[Start of section]

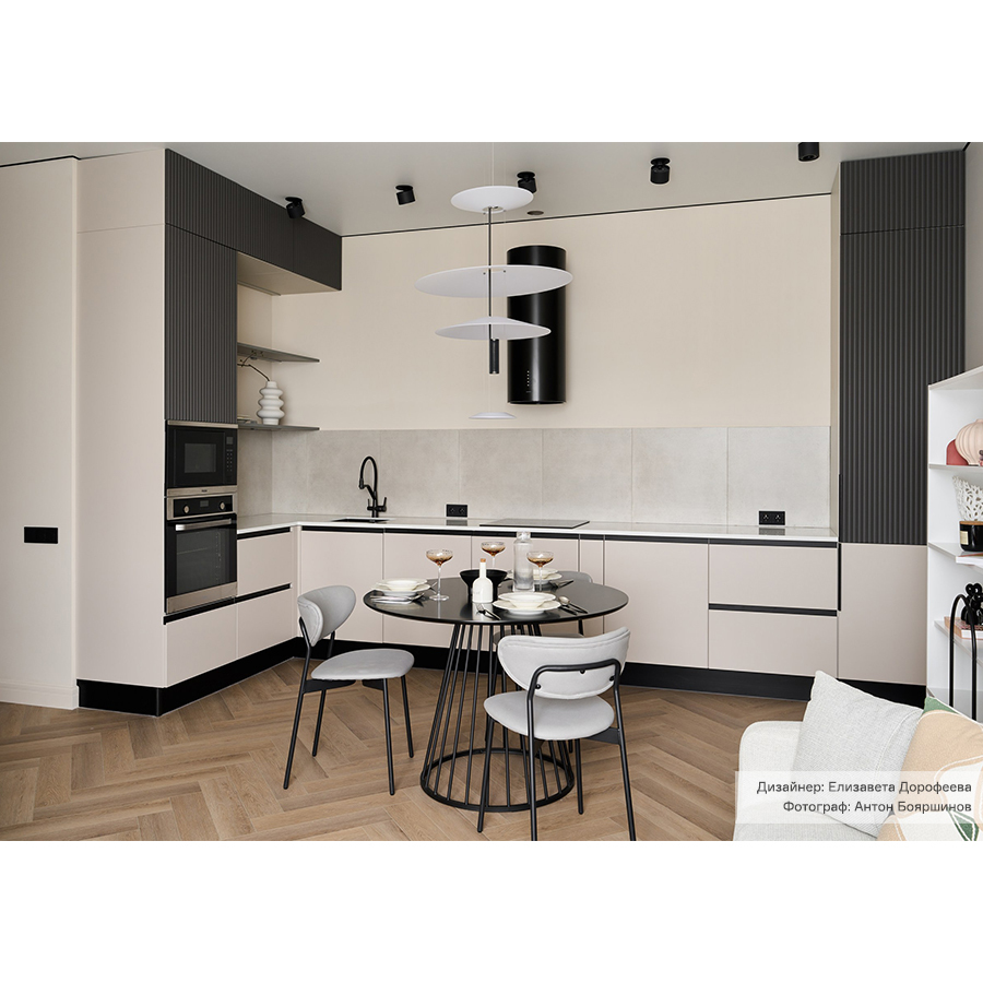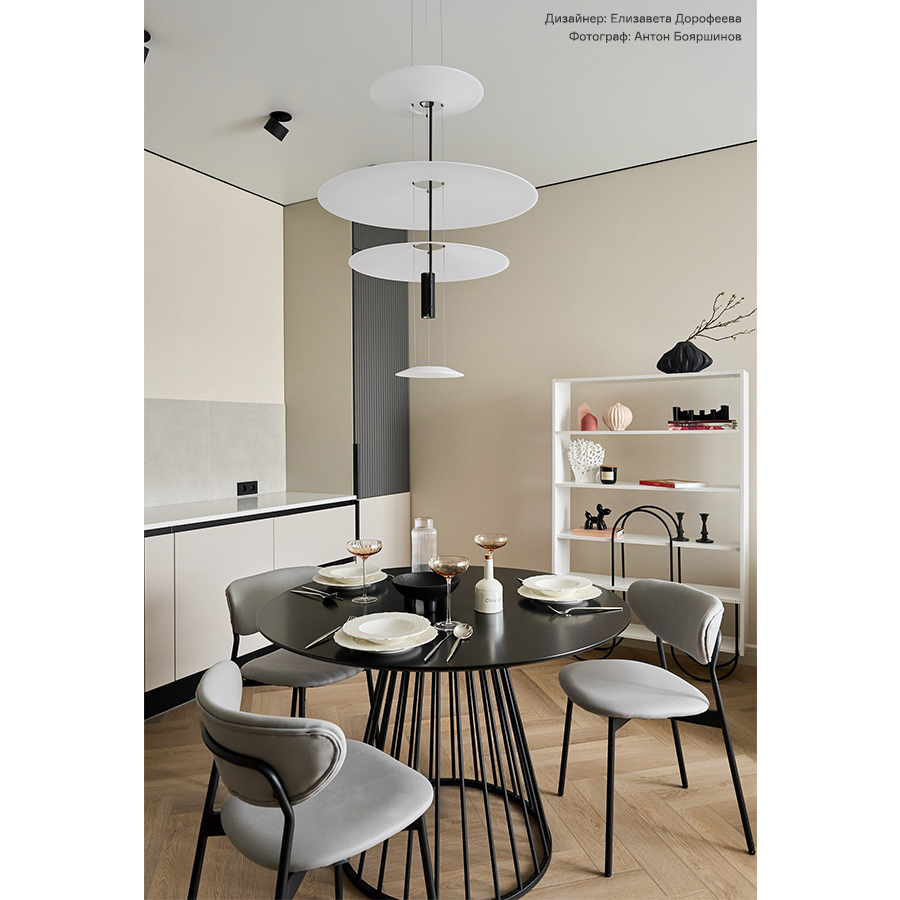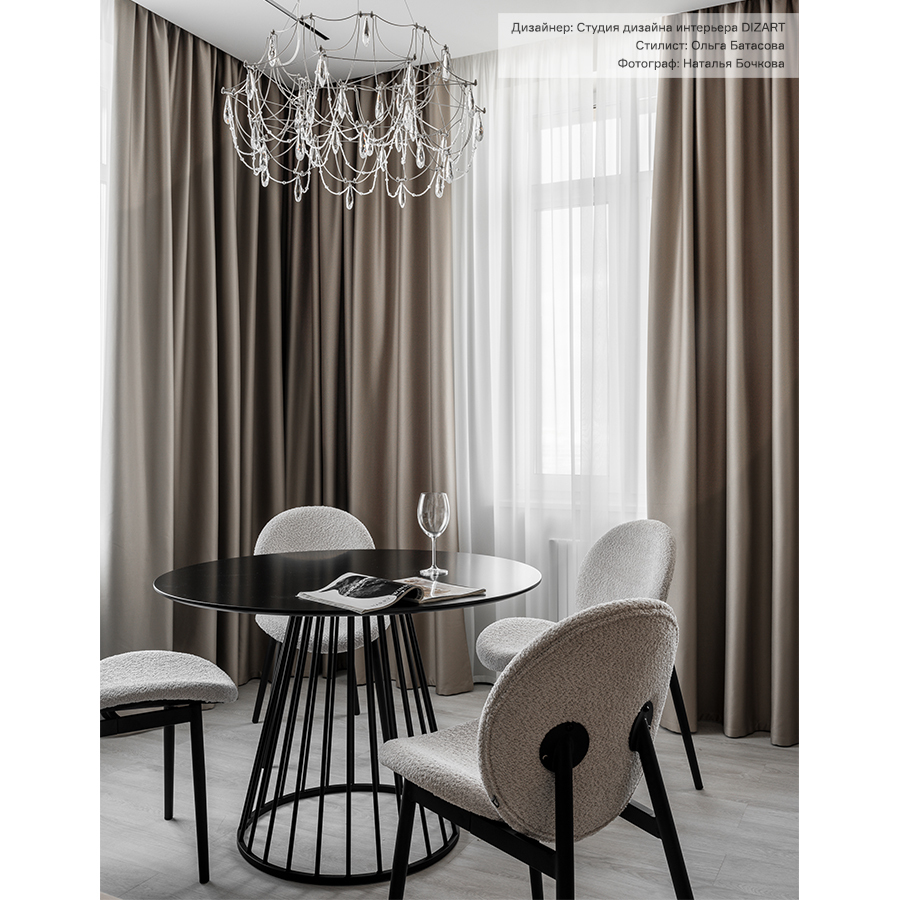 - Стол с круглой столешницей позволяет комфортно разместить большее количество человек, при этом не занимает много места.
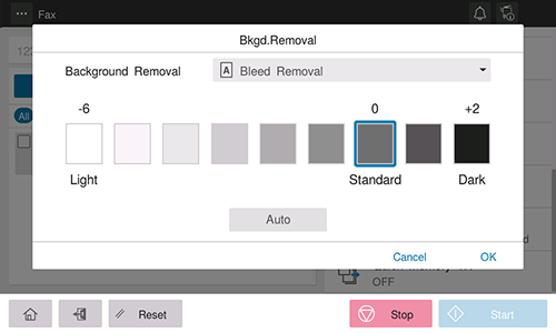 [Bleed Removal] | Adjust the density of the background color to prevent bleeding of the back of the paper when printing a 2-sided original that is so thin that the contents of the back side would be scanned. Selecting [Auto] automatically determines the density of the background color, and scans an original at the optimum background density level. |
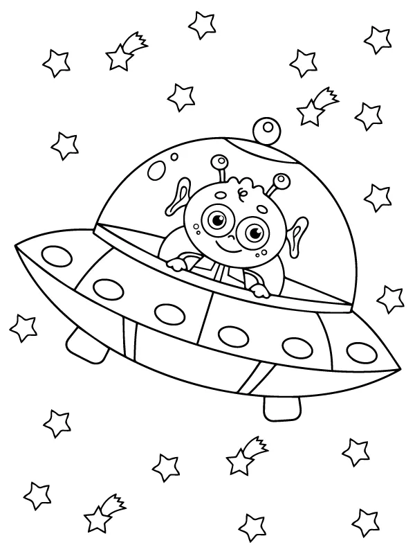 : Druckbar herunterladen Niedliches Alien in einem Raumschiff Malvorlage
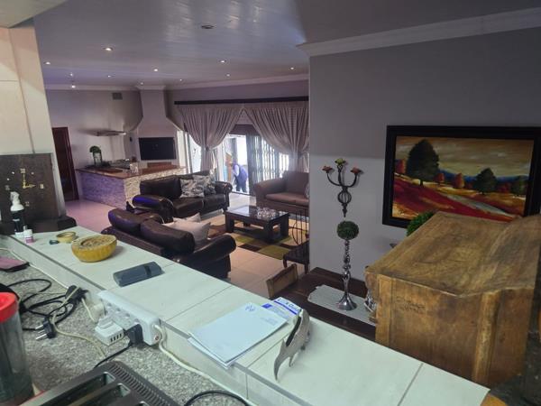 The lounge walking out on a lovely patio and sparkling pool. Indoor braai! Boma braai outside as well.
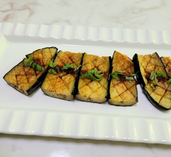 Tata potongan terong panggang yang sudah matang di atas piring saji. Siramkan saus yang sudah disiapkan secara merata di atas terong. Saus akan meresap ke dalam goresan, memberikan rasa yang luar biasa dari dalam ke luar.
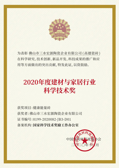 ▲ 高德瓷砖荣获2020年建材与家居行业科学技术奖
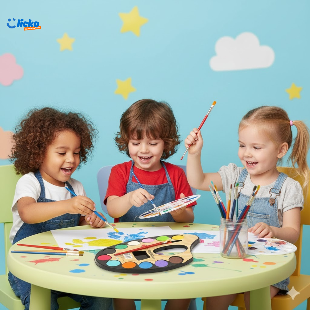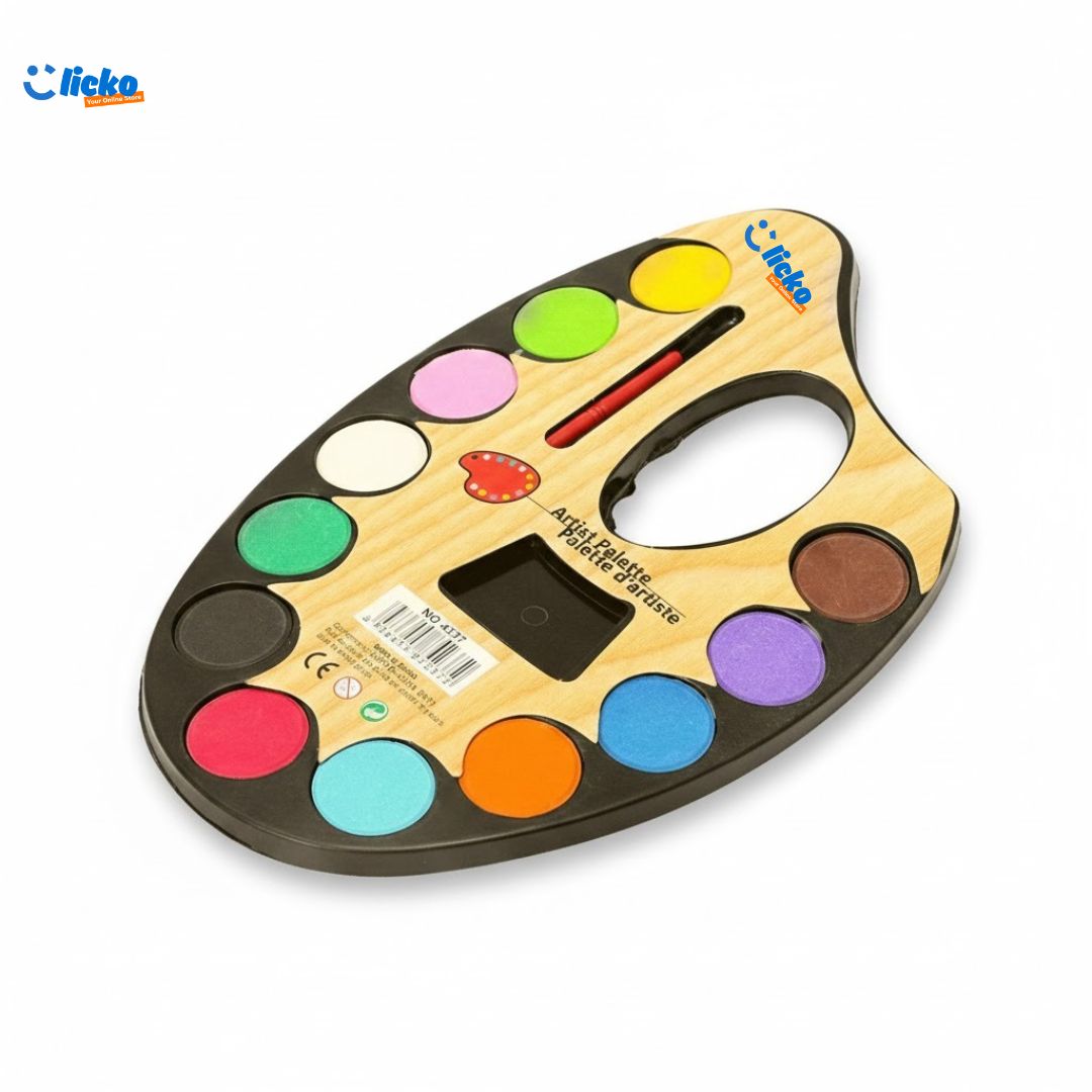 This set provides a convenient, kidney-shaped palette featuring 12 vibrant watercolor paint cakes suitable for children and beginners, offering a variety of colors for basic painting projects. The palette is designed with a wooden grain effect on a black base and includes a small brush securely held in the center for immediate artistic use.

[End of section]

■ ABOUT THIS EXERCISE ■
The data must come back word for word, with every picture removed.

■ OUTPUT OF THE TASK ■
 - Стол с круглой столешницей позволяет комфортно разместить большее количество человек, при этом не занимает много места.
 [Bleed Removal] | Adjust the density of the background color to prevent bleeding of the back of the paper when printing a 2-sided original that is so thin that the contents of the back side would be scanned. Selecting [Auto] automatically determines the density of the background color, and scans an original at the optimum background density level. |
 : Druckbar herunterladen Niedliches Alien in einem Raumschiff Malvorlage
 The lounge walking out on a lovely patio and sparkling pool. Indoor braai! Boma braai outside as well.
 Tata potongan terong panggang yang sudah matang di atas piring saji. Siramkan saus yang sudah disiapkan secara merata di atas terong. Saus akan meresap ke dalam goresan, memberikan rasa yang luar biasa dari dalam ke luar.
 ▲ 高德瓷砖荣获2020年建材与家居行业科学技术奖
 This set provides a convenient, kidney-shaped palette featuring 12 vibrant watercolor paint cakes suitable for children and beginners, offering a variety of colors for basic painting projects. The palette is designed with a wooden grain effect on a black base and includes a small brush securely held in the center for immediate artistic use.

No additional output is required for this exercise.